Калека надрывно всхлипнул и вдруг ткнулся головой в сапоги Федора Михайловича:
– Боярин, милостивец, спаси христианскую душу! Не дай сгинуть в канаве! Я хоть и без правой руки, но левой работать могу! Я грамоте знаю! Я тебе, как пес, служить стану, только спаси! Иначе пропаду! Порешу кого-нибудь, какой еще мне путь?! Не погуби, боярин!

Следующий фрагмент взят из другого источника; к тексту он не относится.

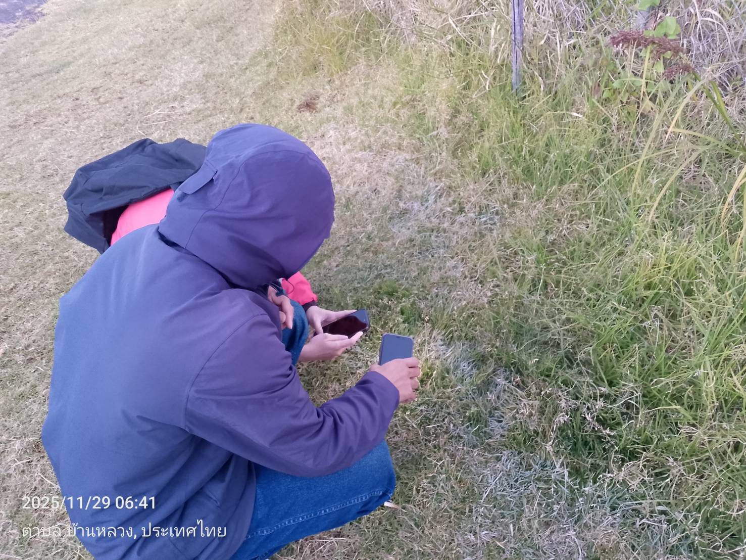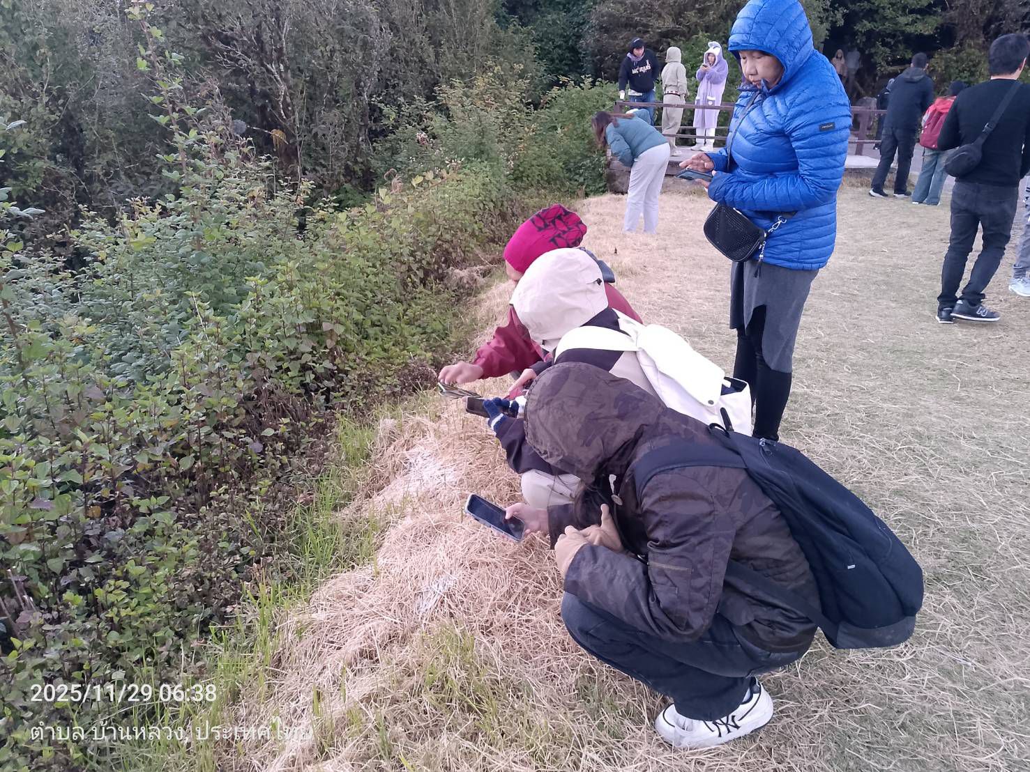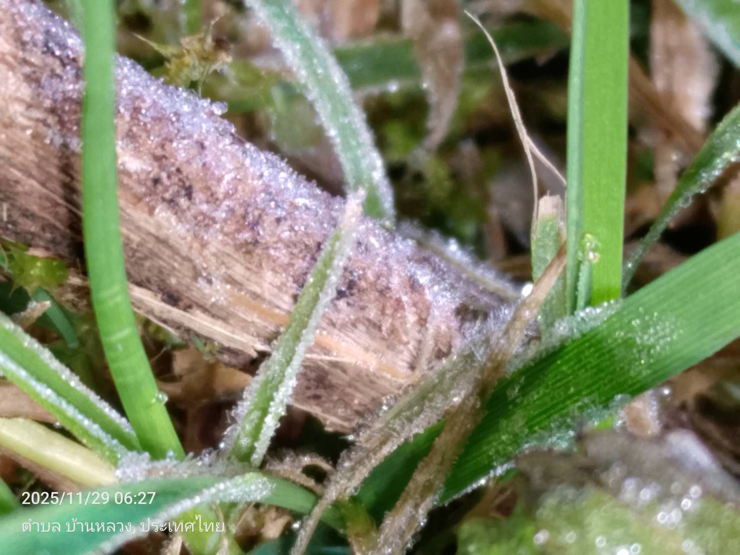 พบ “เหมยขาบ” (น้ำค้างแข็ง) ซึ่งถือเป็นครั้งที่ 6 ติดต่อกันของฤดูหนาวปี 2568 โดยเหมยขาบพบในบริเวณด้านหน้าหน่วยพิทักษ์อุทยานแห่งชาติ ที่ อน.5 (ยอดดอย) และบริเวณลานจอดรถ แม้ว่าอุณหภูมิที่ตรวจวัดที่หน่วยพิทักษ์ฯ จะอยู่ที่ 7 องศาเซลเซียส (เวลา 06.00 น.) แต่ อุณหภูมิยอดหญ้า ได้ลดต่ำลงถึง 0.1 องศาเซลเซียส ซึ่งเป็นสาเหตุให้เกิดปรากฏการณ์น้ำค้างแข็งขึ้น

Эти отчаянные рыдание и каменное сердце растрогать могли. Ртищев не без труда склонился к калеке, подхватил его под руку:
– Встань, встань! Как звать тебя?
– Андреем, – отозвался несчастный, послушно поднимаясь.
– Андреем… – задумчиво повторил Федор Михайлович, вспомнив свой скит с часовней Андрея Стратилата и только что покинутый монастырь. – Ну, что ж, Андрей, пойдем со мною. Попробую найти тебе службу. Ты Царев ратник, и не должно тебе в разбойниках и нищих мытариться.
– А кому ж это должно, боярин?
– Верно говоришь, никому. Только впредь не зови меня боярином. Я не боярин и чужими чинами не именуюсь. Идем!
– Как же велишь звать тебя?
– Зови просто, Федором Михайловичем.
– Федор Михайлович, батюшка… – Андрей запнулся.
– Что-то еще?
Нищий помялся. Затем кивнул на терем Озерова, за забором которого бесновались собаки:
– Зачем ты перед ним унижал себя? Он человек злой и лживый! Ехидна, а не человек! Он нашу братию, что тебя, собаками травит! Для одной лишь забавы!
– Он несчастный человек, – ответил Ртищев. – И мы выросли вместе. Это достаточный повод, чтобы пытаться разбудить его сердце, тебе не кажется?
– У него нет сердца, – покачал головой однорукий.
– Сердце есть у всех. Но некоторые об этом забывают… А я пытаюсь напоминать. От того, что я попрошу его прощения и выслушаю его брань, у меня ничего не отнимется. Но я хочу верить, что однажды он услышит меня, и это будет самой большой мне наградой. Обогреть замерзшего, накормить голодного – важно. Спасти того, кто гибнет смертью телесной, важно. Но разве менее важно пытаться вернуть Богу гибнущую душу?